Valerie Tarasuk, Professor

Nutritional Sciences
University of Toronto

Valerie Tarasuk is a Professor in the Department of Nutritional Sciences, cross-appointed to the Dalla Lana School of Public Health. Her primary research focus is household food insecurity. She has led several tri-council research grants to elucidate the scope, nature, and health implications of this problem in Canada, assess the effectiveness of community responses, and determine how public policies and programs impact food insecurity prevalence and severity. For the past decade, she has led PROOF, an interdisciplinary research program designed to identify effective policy approaches and mobilize knowledge to reduce household food insecurity in Canada.

Food Insecurity and DRM: what is the overlap and how can we use policy to address this?

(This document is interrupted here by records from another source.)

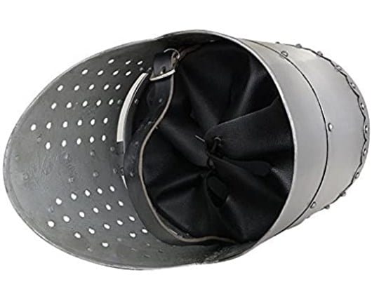 Heaume chevalier croisés du XIIIe siècle est un casque médiéval en acier 1.2 mm d’épaisseur équipé d’un renfort et d’une jugulaire en cuir. Taile: 58/60 cm
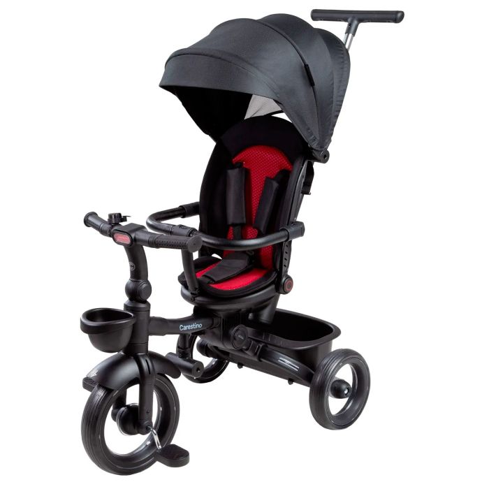 El Triciclo SAFARI Negro de Carestino es el compañero ideal para los pequeños aventureros que comienzan a explorar el mundo. Diseñado para acompañar a tu hijo desde los 18 meses hasta los 25 kg, este triciclo evolutivo se adapta a cada etapa de su desarrollo, brindando seguridad y confort en cada paseo.
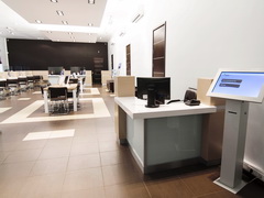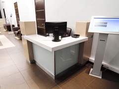 Стойка митера-гритера для офиса ВТБ выполнена в едином ключе с операционным залом банка.
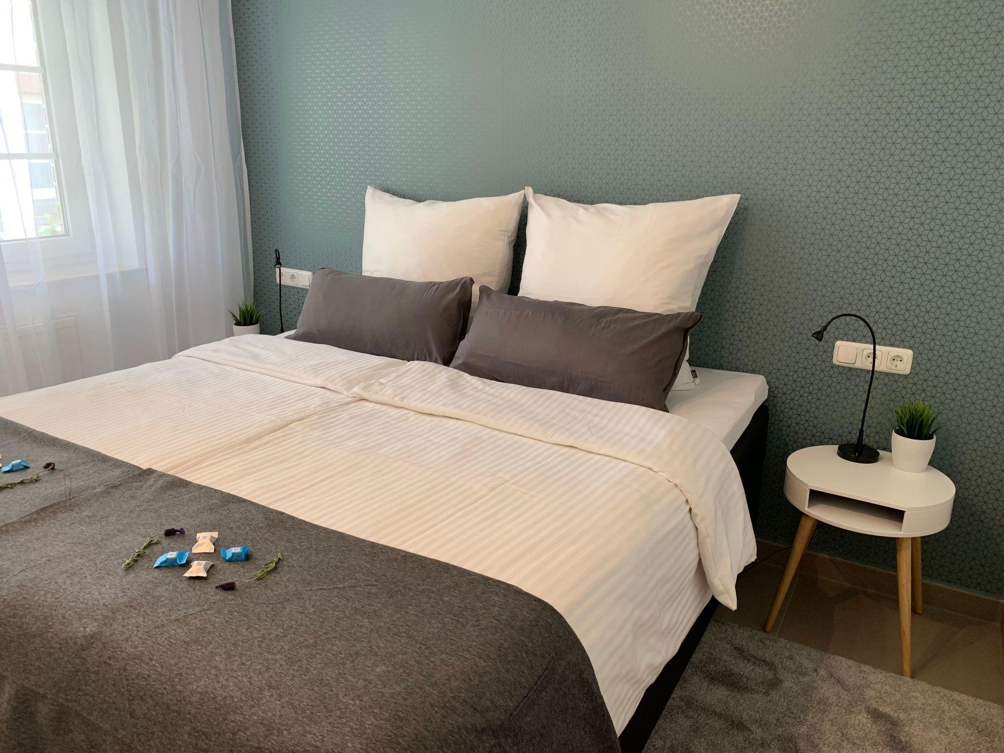 2-room flat for 2 to 3 people on the ground floor (approx. 49 sqm living space) The flat has a bedroom with a king-size box-spring bed, a living room with a sofa bed, an integrated fitted kitchen, a dining area, a bathroom with shower/WC, a safe, smart TVs in the living room and bedroom and a furnished terrace in the garden. The fully equipped kitchen with dining area is integrated into the large living room. From here you have direct access to the sun terrace with garden furniture. All our holiday flats are non-smoking flats.
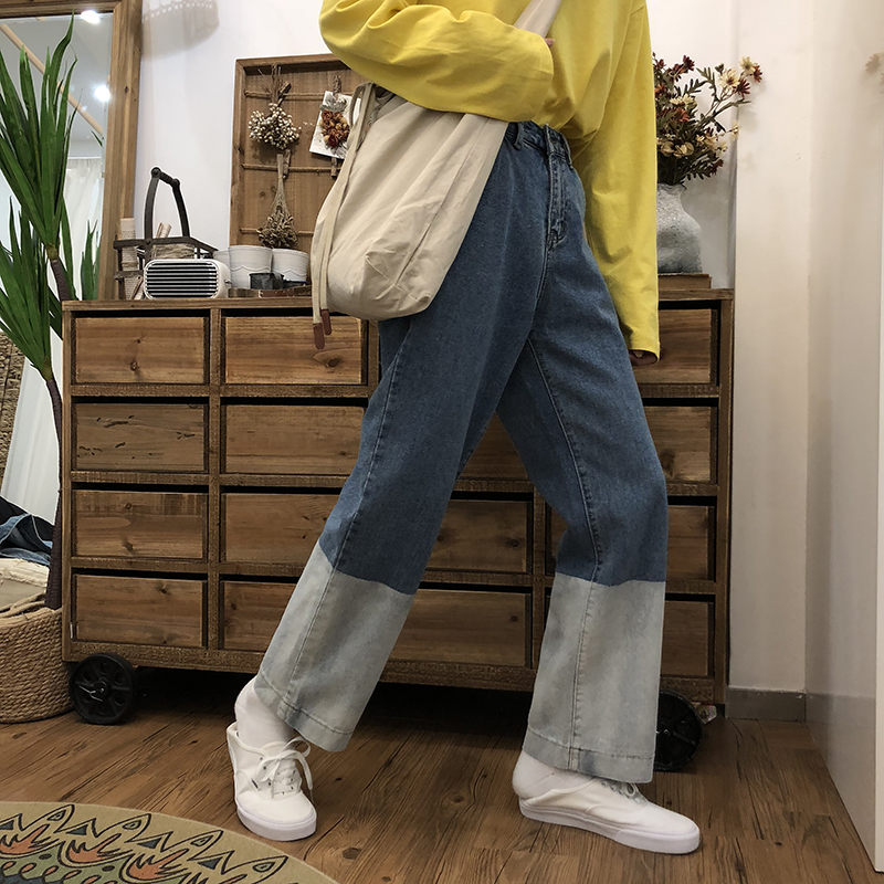 yghome contrast color loose straight jeans men's 2021 autumn new chic casual drape wide-leg trousers trend

Household food insecurity, inadequate or insecure access to food due to financial constraints, is a potent social determinant of health in Canada, currently affecting over 15% of the population. Adults in food-insecure households are much more likely than food-secure adults to be diagnosed with a wide variety of chronic conditions, including mental health disorders, infections, and non-communicable diseases. The relationship between food insecurity and health is graded, with adults in more severely food-insecure households more likely to report poorer health status and to be diagnosed with multiple chronic conditions. Moreover, people who are food-insecure are less able to manage therapeutic regimens and therefore more likely to experience negative disease outcomes, to be hospitalized, and to die prematurely. While research examining the interface of food insecurity and diet-related malnutrition in Canada is lacking, everything we know about food insecurity would suggest that it escalates risk. Direct responses to food insecurity in clinical settings typically take the form of patient screening, referrals to food programs and other resources, and the provision of immediate food assistance, but household food insecurity is not resolved through food-based interventions. Evidence-based upstream responses are required, with public policy interventions to address the problems of inadequate, insecure income that underpin household food insecurity in Canada.